My friend Adam MacLeod, a visiting fellow at Princeton University’s James Madison Program this year and a law professor at Faulkner University, writes in response to Rep. Steve King’s Corner post this morning:
I am grateful for Congressman Steve King’s sensible voice, and equally grateful that National Review gives him a venue to exercise it. So, I hope that I do not appear ungrateful by correcting a misstatement in the title of his essay on NRO, “Marriage is Illegal… Without a License.” He repeats the misstatement in the text itself: “A license is a permit to do that which is otherwise illegal.”

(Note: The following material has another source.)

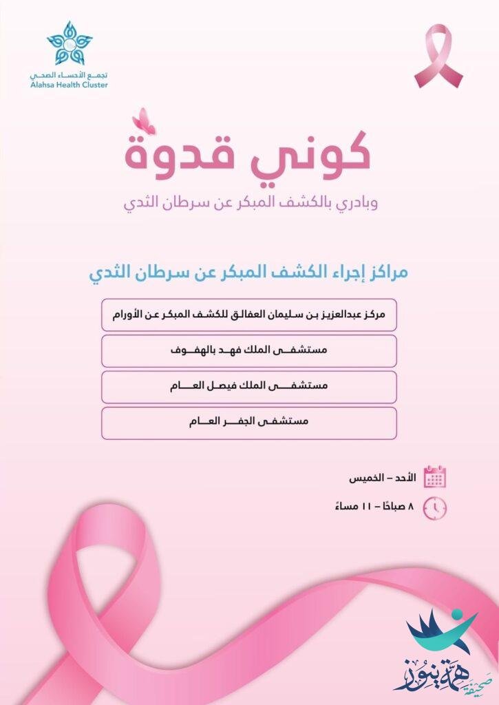 يذكر ان التجمع الصحي يقوم بهذه الحملة للكشف المبكر لسرطان الثدي خلال شهر اكتوبر في عدة مواقع وهي :

That is true of driver’s licenses, professional licenses, and hunting licenses. But it is not true of marriage licenses. The licensing scheme for marriage is not paired with any prohibitions against unlicensed marriage. In fact, civil marriage has long co-existed with common-law marriage, ceremonial and religious marriage, and cohabitation. Unlike the licensing scheme for medical doctors (for example) the licensing scheme for civil marriage encourages legal recognition of real marriages—monogamous man-woman pairings—that exist outside the scheme.
This is important because proponents of removing sexual complementarity from our marriage laws today argue that the redefinition is necessary to eradicate the same-sex “marriage ban.” There is no ban. Same-sex couples who hold themselves out as married face no criminal or civil penalties. No administrative agency prohibits the Episcopal Church from solemnizing same-sex weddings. (That fact has, incidentally, gone largely unnoticed in the controversy over the HHS mandate requiring Catholic and evangelical institutions to subsidize employees’ use of contraceptives and abortifacient drugs.) What proponents of redefinition want is not to eradicate any ban but rather to change the definition of marriage for everyone.